Trascura l’esigenza di urgenti interventi sostanziali in campo penale amministrativo e penitenziario minorile; dimentica il ruolo delle Regioni e le competenze funzionali attribuite loro dall’art. 117 Cost.; riduce il ruolo dei servizi sociali a quello di meri ausiliari del giudice; affida imprudentemente alla discrezionalità del presidente capo del Tribunale la designazione del presidente della sezione specializzata; lascia immutato il pletorico collegio a quattro giudici in primo grado e a cinque in appello; sopprime l’importante figura del pubblico Ministero minorile specializzato, dimenticando i poteri a questo attribuiti dalla legge n. 149 del 2001 in materia di segnalazione di abbandono e di raccordo con i servizi sociali territorialità.

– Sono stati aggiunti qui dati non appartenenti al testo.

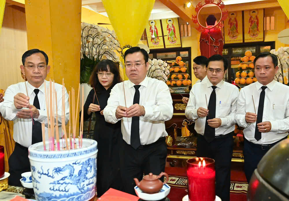 Tháp tùng phái đoàn có ông Nguyễn Văn Nên – Uỷ viên Bộ Chính trị, Thường trực Tiểu ban Văn kiện Đại hội XIV của Đảng, phụ trách theo dõi, chỉ đạo Đảng bộ TP.HCM; ông Trần Lưu Quang – Bí thư Trung ương Đảng, Bí thư Thành uỷ TP.HCM; cùng các vị lãnh đạo ban, ngành, chuyên viên trực thuộc Thành ủy, HĐND, UBND, đại diện các đoàn thể chính trị xã hội, tôn giáo thành viên MTTQVN TP.HCM.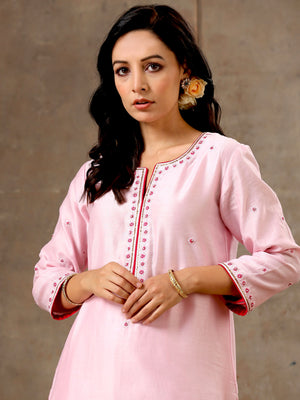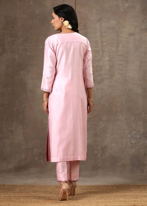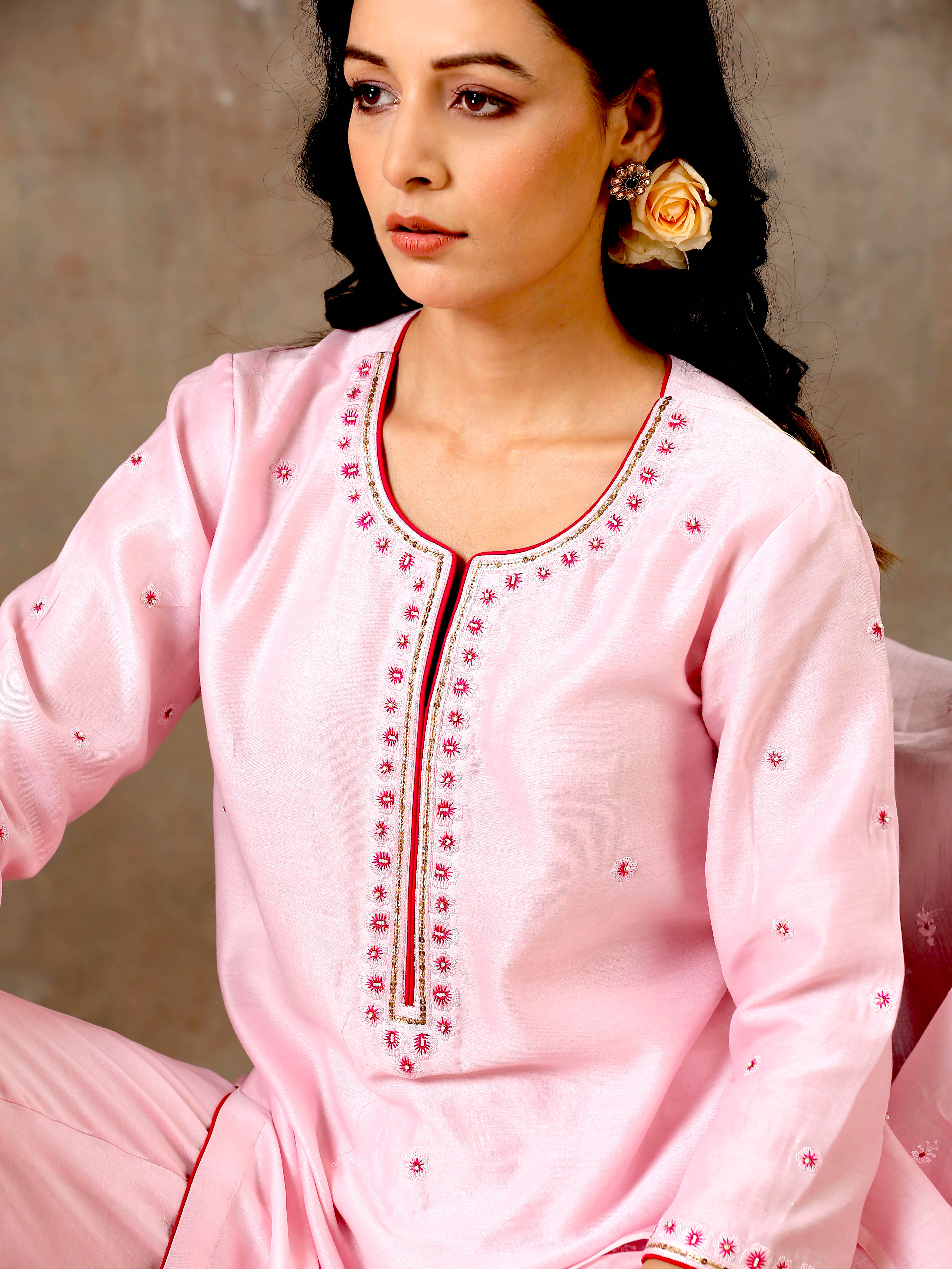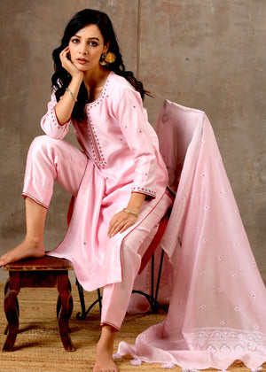 Hand Embroidered Chanderi Silk Pink Kurta Set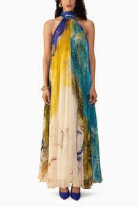 Featuring the Scribble Dense Stella Dress by Saaksha & Kinni's Akara Collection A/W'25. This halter neck flowy maxi dress in abstract scribble print exudes effortless elegance, blending fluid movement with a bold, expressive design perfect for transitional styling.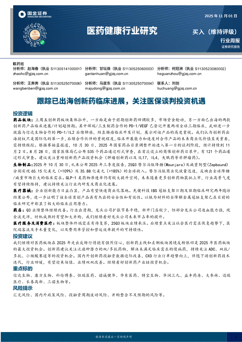 医药健康行业:国金证券-医药健康行业周报:跟踪已出海创新药临床进展,关注医保谈判投资机遇-251101
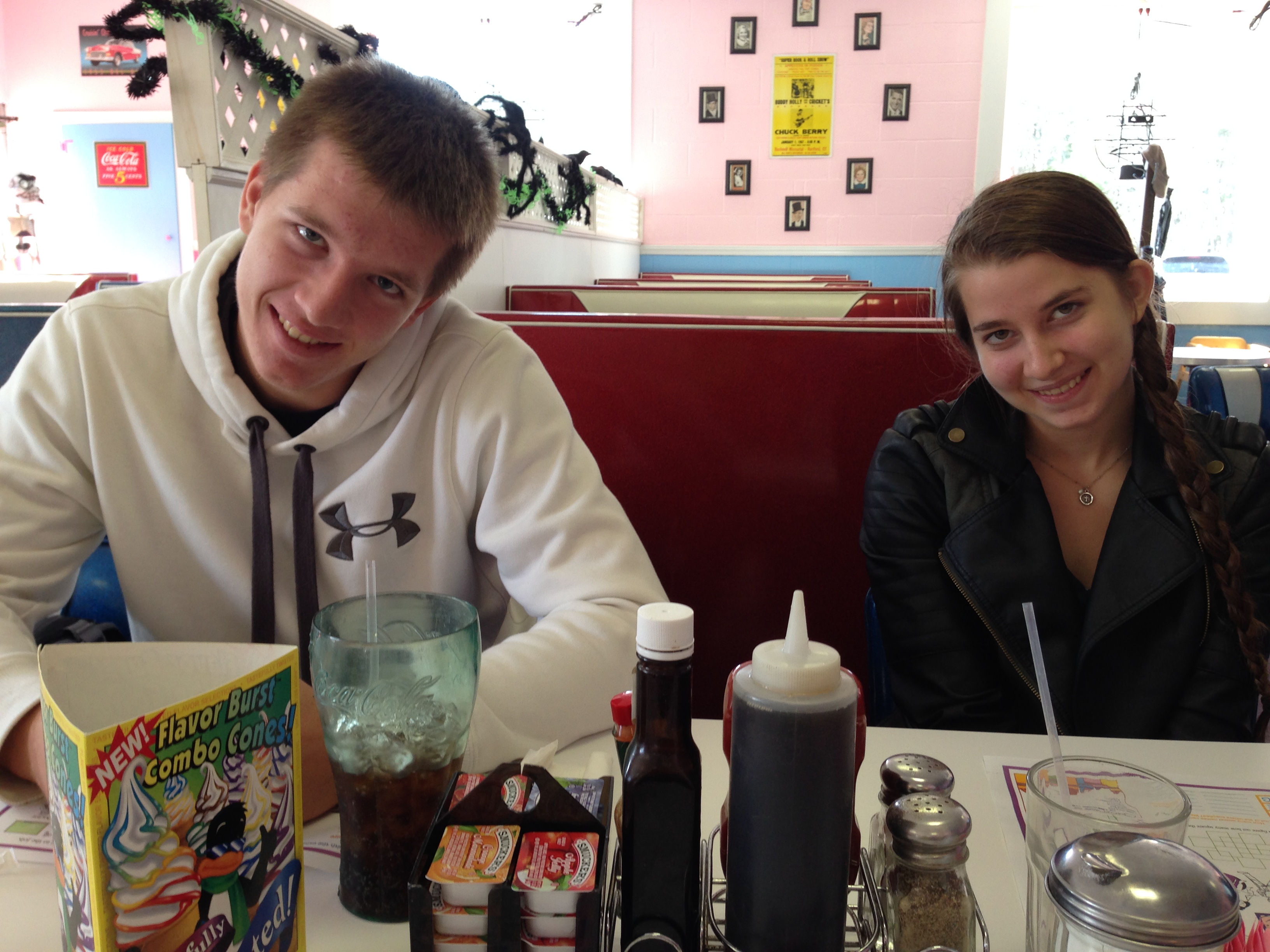 On Saturday Rich and I took the children (Jacob, Grace, Caleb, Seth, and Sarah) on a four mile walk all the way to the local diner, over back roads. David was tired and Ethan had a report to write, so the two of them stayed at home.

L’obiettivo di riunire la materia delle persone, dei minori di età e della famiglia davanti a un unico giudice viene così raggiunto a spese di gravi squilibri e di omissioni ingiustificate, che d’altra parte lasciano in vita pezzi consistenti del vecchio sistema di giustizia minorile risalente agli anni Cinquanta, senza un nuovo “verbo” che tenga conto delle convenzioni e dichiarazioni internazionali, delle nuove esigenze e dei diritti dei giovani d’oggi, del mutamento in atto dei modelli familiari.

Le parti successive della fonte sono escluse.